EXERCISE DESCRIPTION >> Give the records below again exactly, and exclude each picture.

Stored data
☆ ☆ ☆ ☆ ☆ ☆ ☆

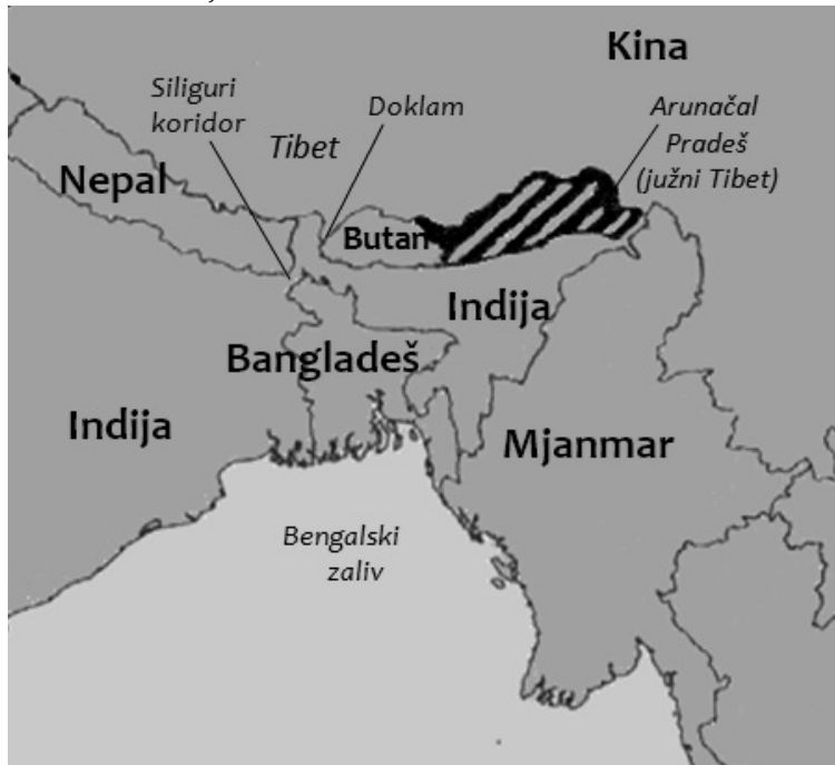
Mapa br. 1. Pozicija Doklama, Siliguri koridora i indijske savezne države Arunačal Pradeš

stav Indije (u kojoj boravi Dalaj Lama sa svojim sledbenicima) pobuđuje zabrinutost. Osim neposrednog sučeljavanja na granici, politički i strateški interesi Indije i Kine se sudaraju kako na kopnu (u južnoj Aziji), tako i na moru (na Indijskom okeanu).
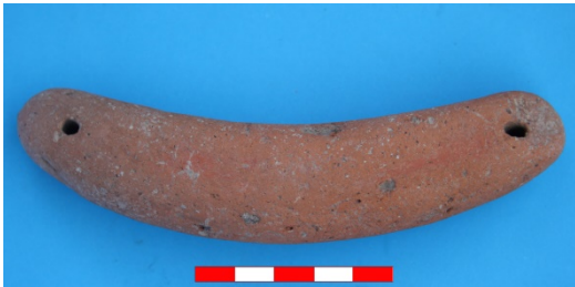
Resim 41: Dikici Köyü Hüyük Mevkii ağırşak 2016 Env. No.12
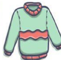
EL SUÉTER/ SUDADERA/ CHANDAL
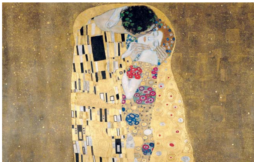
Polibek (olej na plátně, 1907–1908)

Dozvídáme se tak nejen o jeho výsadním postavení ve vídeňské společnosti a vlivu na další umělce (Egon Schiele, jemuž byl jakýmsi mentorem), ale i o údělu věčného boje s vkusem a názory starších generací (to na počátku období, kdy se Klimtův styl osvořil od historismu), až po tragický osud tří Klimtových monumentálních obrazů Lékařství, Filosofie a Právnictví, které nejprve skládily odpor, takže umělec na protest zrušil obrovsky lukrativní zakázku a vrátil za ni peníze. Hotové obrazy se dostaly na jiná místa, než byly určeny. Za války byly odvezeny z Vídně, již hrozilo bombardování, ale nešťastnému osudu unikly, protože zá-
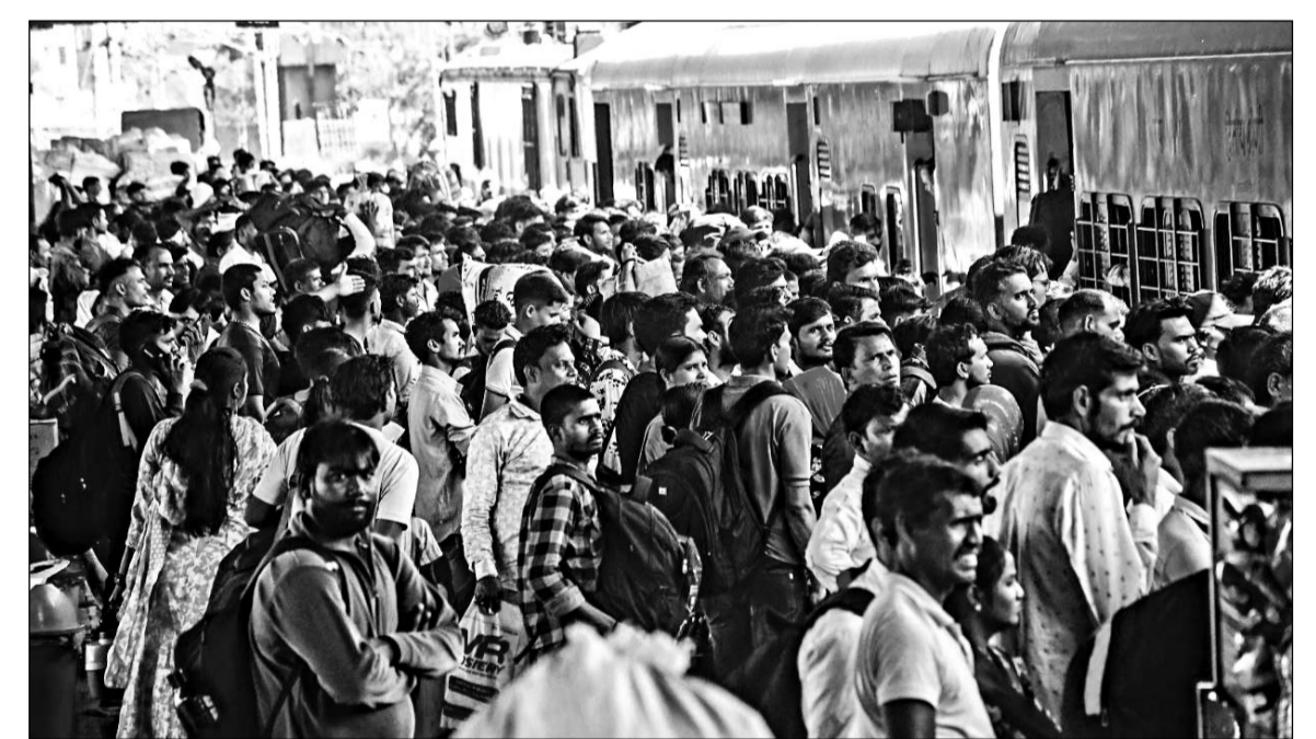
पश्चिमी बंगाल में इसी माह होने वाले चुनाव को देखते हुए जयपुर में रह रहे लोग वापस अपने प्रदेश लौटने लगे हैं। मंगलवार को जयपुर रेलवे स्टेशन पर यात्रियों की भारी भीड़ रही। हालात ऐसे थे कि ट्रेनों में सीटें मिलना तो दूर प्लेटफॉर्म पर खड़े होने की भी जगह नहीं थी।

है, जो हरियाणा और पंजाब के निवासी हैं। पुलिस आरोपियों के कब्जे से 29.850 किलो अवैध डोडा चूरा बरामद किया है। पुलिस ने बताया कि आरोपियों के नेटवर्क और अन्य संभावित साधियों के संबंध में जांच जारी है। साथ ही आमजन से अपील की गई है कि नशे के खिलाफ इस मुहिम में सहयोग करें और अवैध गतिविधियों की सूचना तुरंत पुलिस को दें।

☆ ☆ ☆ ☆ ☆ ☆ ☆

ANSWER TO THIS PROBLEM >>
Mapa br. 1. Pozicija Doklama, Siliguri koridora i indijske savezne države Arunačal Pradeš

stav Indije (u kojoj boravi Dalaj Lama sa svojim sledbenicima) pobuđuje zabrinutost. Osim neposrednog sučeljavanja na granici, politički i strateški interesi Indije i Kine se sudaraju kako na kopnu (u južnoj Aziji), tako i na moru (na Indijskom okeanu).
Resim 41: Dikici Köyü Hüyük Mevkii ağırşak 2016 Env. No.12
EL SUÉTER/ SUDADERA/ CHANDAL
Polibek (olej na plátně, 1907–1908)

Dozvídáme se tak nejen o jeho výsadním postavení ve vídeňské společnosti a vlivu na další umělce (Egon Schiele, jemuž byl jakýmsi mentorem), ale i o údělu věčného boje s vkusem a názory starších generací (to na počátku období, kdy se Klimtův styl osvořil od historismu), až po tragický osud tří Klimtových monumentálních obrazů Lékařství, Filosofie a Právnictví, které nejprve skládily odpor, takže umělec na protest zrušil obrovsky lukrativní zakázku a vrátil za ni peníze. Hotové obrazy se dostaly na jiná místa, než byly určeny. Za války byly odvezeny z Vídně, již hrozilo bombardování, ale nešťastnému osudu unikly, protože zá-
पश्चिमी बंगाल में इसी माह होने वाले चुनाव को देखते हुए जयपुर में रह रहे लोग वापस अपने प्रदेश लौटने लगे हैं। मंगलवार को जयपुर रेलवे स्टेशन पर यात्रियों की भारी भीड़ रही। हालात ऐसे थे कि ट्रेनों में सीटें मिलना तो दूर प्लेटफॉर्म पर खड़े होने की भी जगह नहीं थी।

है, जो हरियाणा और पंजाब के निवासी हैं। पुलिस आरोपियों के कब्जे से 29.850 किलो अवैध डोडा चूरा बरामद किया है। पुलिस ने बताया कि आरोपियों के नेटवर्क और अन्य संभावित साधियों के संबंध में जांच जारी है। साथ ही आमजन से अपील की गई है कि नशे के खिलाफ इस मुहिम में सहयोग करें और अवैध गतिविधियों की सूचना तुरंत पुलिस को दें।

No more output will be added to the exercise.